Tuesday, September 1, 2009

The Purpose of Life

What is the purpose of our existence? One possible answer given by the "perennial philosophy:" our true identity lies in Oneness with the Divine, that we have fallen from this Oneness into the multiplicity of matter and that the goal is ultimate reunion with God. But then there is Hegel who warns that this Mysticism is merely “the night in which all cows are black,” that what we really need is not absorption in the One but reconciliation to the One through the Many. The Absolute is the “identity of identity and non-identity” which means that it is essentially expressed in our actual human lives, and not merely present in some other realm “above” or “beyond” human life.

Perhaps it is a question of perspective, of stages. You first wake up and realize the illusion of separate things, separate world, and separate ego. You renounce the world and your ego and seek some higher truth or Self that lies behind it. But then you come to see that this seeking itself presumes some kind of absolute separation between you and God, when in reality you are already one with Him, in your lived condition here and now. Thus there is no need to seek for a higher world, only an acceptance of the world as it actually is. The problem is that when one begins to reflect, when one comes off one’s Zen-like cloud, it is very hard to accept the world as it is. And this leads us to the problem of suffering, the problem of evil.

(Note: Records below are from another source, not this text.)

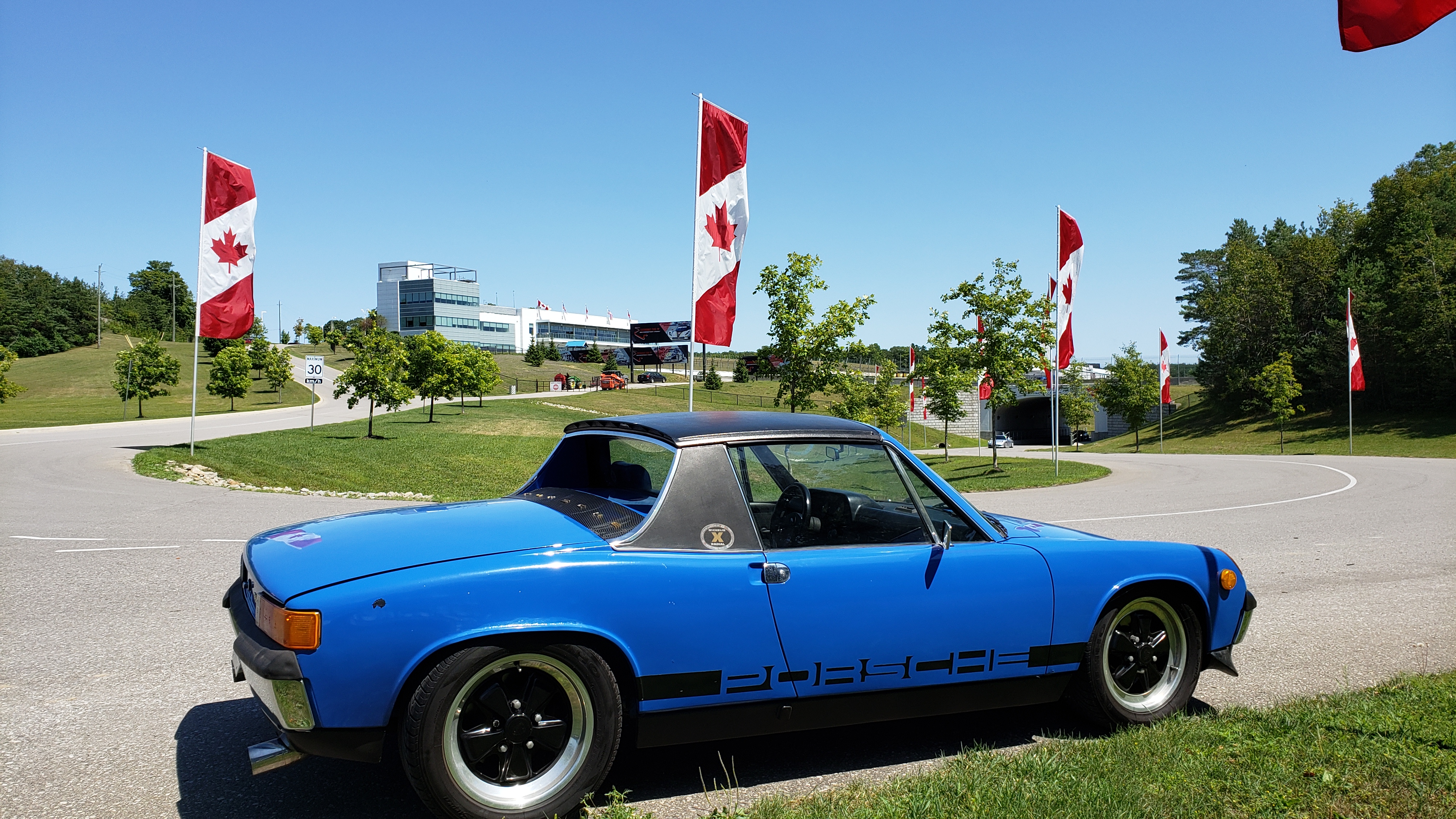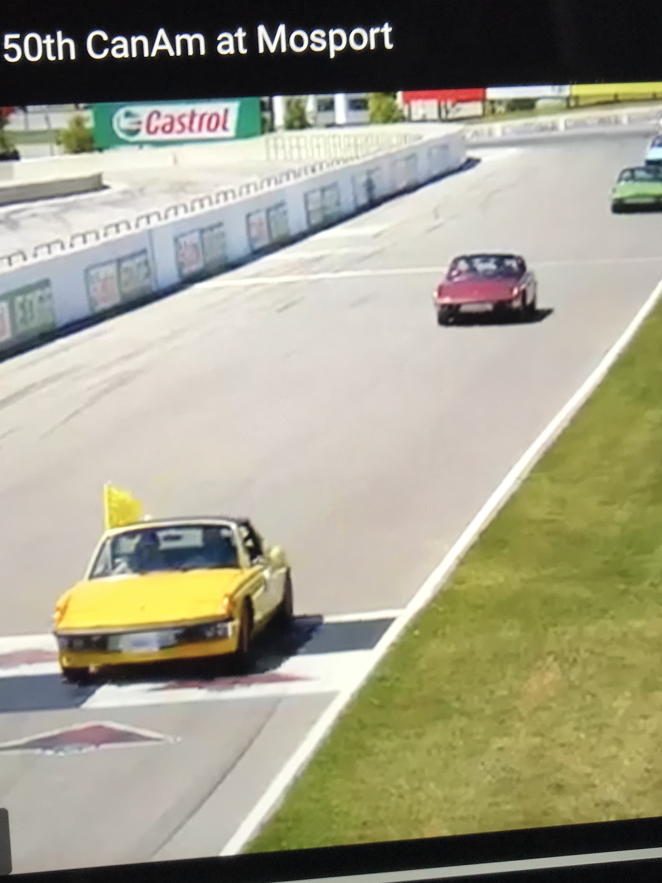The start of our parade laps on the historic Mosport track to commemorate the 50th anniversary of the Porsche 914. and things start to fall off the car almost immediately...namely, a camera.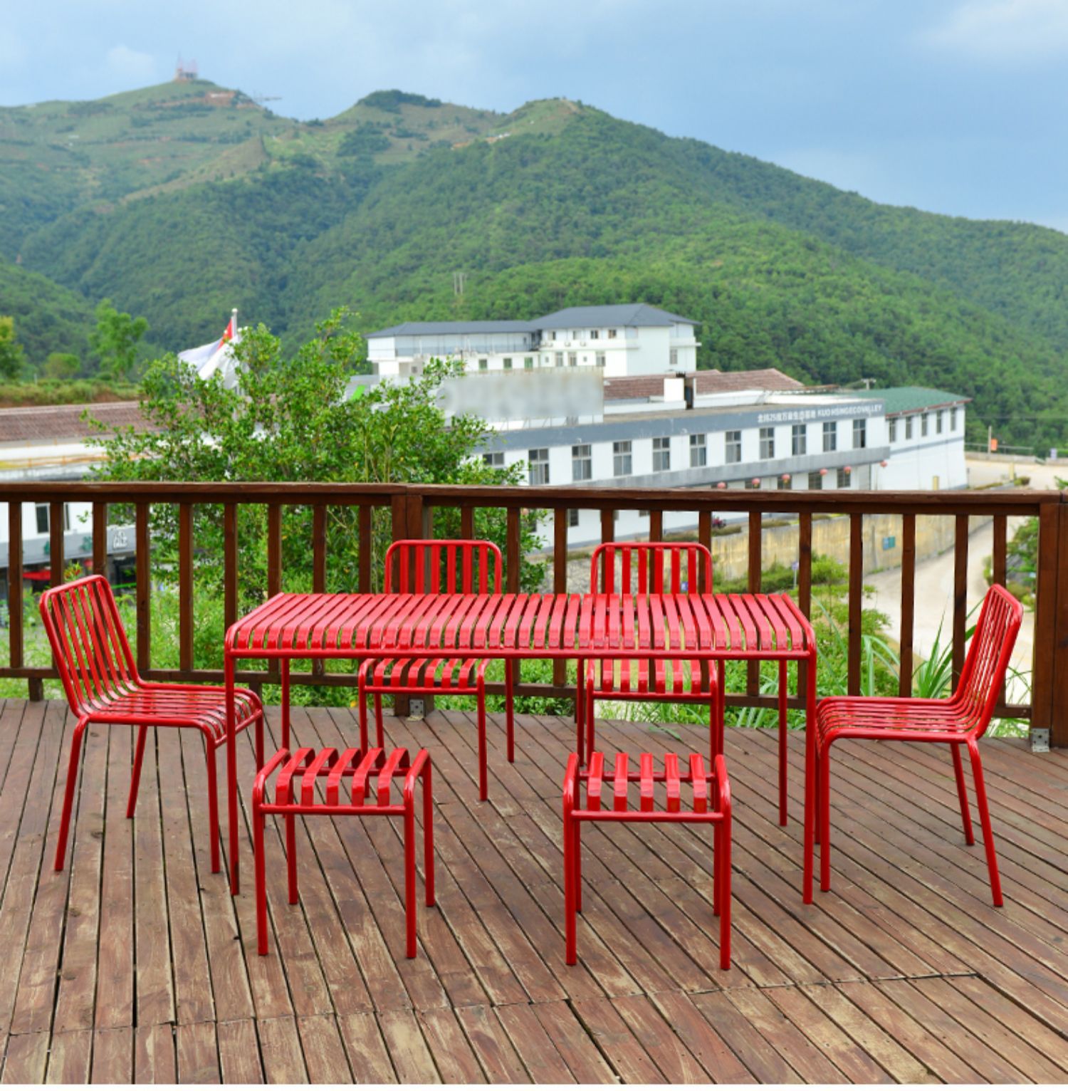 공장 마당 테이블과 의자 인터넷 연예인 레저 테이블과 의자 조합 야외 핑크 철 테이블과 의자 간단한 야외 금속 테이블과 의자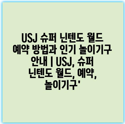 USJ 슈퍼 닌텐도 월드 예약 방법과 인기 놀이기구 안내 | USJ, 슈퍼 닌텐도 월드, 예약, 놀이기구’ 에 대해 자주 묻는 질문 TOP 5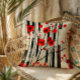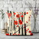 Dieses dynamische Retro-Blumendesign zeichnet sich durch kräftig rote Mohnblumen auf abstraktem Creme- und schwarzem Hintergrund aus.

The traditional problem is how to reconcile evil with the existence of a loving, omnipotent God. If he is all-loving he would want to end evil, and if he is all-powerful he would be able to end evil, so if evil exists he must be either not-all-loving or not-all-powerful. But the problem of evil can be put in existential terms: given the reality of evil in the world, how can we unconditionally affirm the world? This is the way Dostoevsky presents evil through the mouthpiece of Ivan in Brothers Karamazov: Ivan can intellectually acknowledge that at some future state all the present evil will be swallowed up in some greater good, and so there may be an answer to the traditional problem. However, he cannot accept a world where such present evil is just a means to a greater end. What about the suffering of the seven-year old who was raped, sodomized, had gasoline poured all over her, then was lit on fire by a match and burned alive? Do we really want to affirm a world where such a thing can happen? Is it really possible to redeem such evils or justify them by saying they will “teach us a lesson” or that we can rest assured that the little child is “smiling now in heaven?”

Tuesday, August 4, 2009

My Me is My God

“It takes a great man not to allow any of his time to be frittered away,” Seneca says. The stoics are great to read, you have a sense that they are in touch with themselves if anyone is, that all of life has been figured out and that rationality and virtue will lead us to the Promised Land. But what is it to fritter away one’s time? Watching television and playing video games, that surely counts. Reading the newspaper, chatting with friends on the cell phone, going to parties, doing drugs, dancing the night away only to collapse onto your bed in a stupor and wake up the next evening, that probably counts too. Contemplating the meaning of life, working on a poem that likely no one will ever either read or understand, going for a run so you can remain healthy and achieve peace of mind, that supposedly does not count. But it does seem that at the end of the day you collapse on the same bed. Unless you believe that our actions have consequences after we die, we shall all end up in the same place: a blink of an eye in the vast infinity of the machinery of the cosmos and it will be over, as quickly as it began. A work of art redeems time. Can this be true for other experiences as well? A truly intense moment which attains an eternality not upset by the passage of time, which we know to be either relative or unreal altogether?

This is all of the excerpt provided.